Learn how to install Databand on your Spark cluster.

Before you begin, make sure that you can access the Databand server from your Spark cluster.

Python integration

You must define the following variables in your Spark context.

  • DBND__CORE__DATABAND_URL - a Databand server URL
  • DBND__CORE__DATABAND_ACCESS_TOKEN - a Databand server access token
  • DBND__TRACKING=True
  • DBND__ENABLE__SPARK_CONTEXT_ENV=True

Install dbnd-spark. See Installing the Python SDK and the Cluster bootstrap.

JVM integration

The following environment variables must be defined in your Spark context:

  • DBND__CORE__DATABAND_URL - a Databand server URL

  • DBND__CORE__DATABAND_ACCESS_TOKEN - a Databand server access token

  • DBND__TRACKING=True

    For more information about the available parameters, see Installing JVM SDK and agent.
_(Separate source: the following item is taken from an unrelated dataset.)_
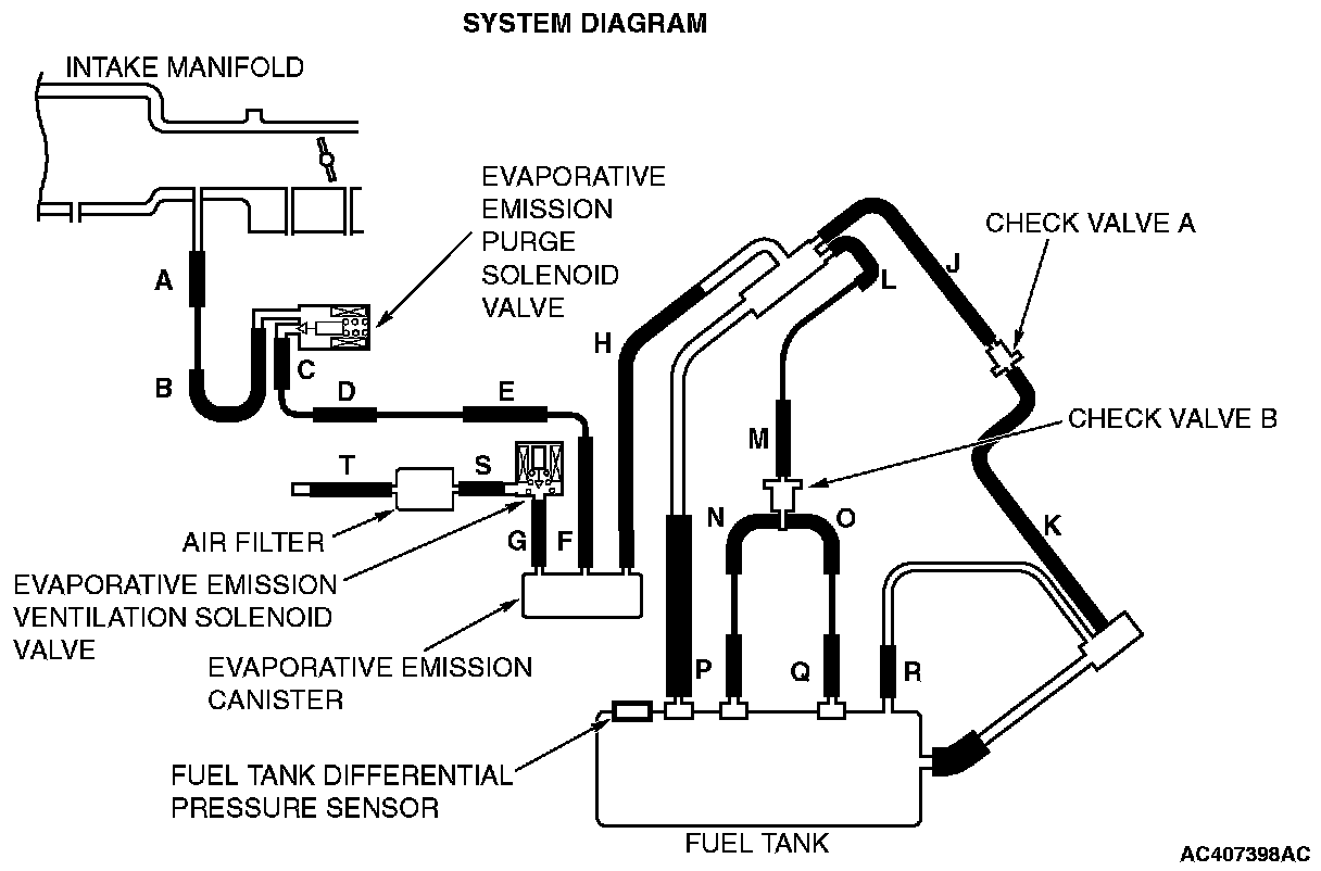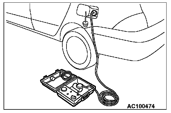 - To check for system blockage, do a performance test which uses a mechanical vacuum gauge and scan tool MB991958 set on the fuel tank differential pressure sensor (TANK PRS SNSR 73). The mechanical gauge reading is used to verify scan tool MB991958 reading. A comparison of the mechanical gauge with the reading on scan tool MB991958 will locate a problem in the system.

Your cluster must have Databand JAR to be able to use listener and other features. For more information about how to configure Spark clusters, see the following section.

Spark clusters

With most clusters, you can set up Spark environment variables through cluster metadata or bootstrap scripts. In the following sections, you can find provider-specific instructions.

EMR cluster

Complete the following steps to install Databand on your EMR cluster:

  1. Use environment variables to configure Databand:

    Define the environment variables at the API call or EmrCreateJobFlowOperator Airflow Operator. Alternatively, you can provide these variables from AWS UI when you create a new cluster. The EMR cluster doesn't have a way of defining environment variables in the bootstrap. Consult with the official EMR documentation on Spark Configuration if you use a custom operator or if you create clusters outside of Airflow.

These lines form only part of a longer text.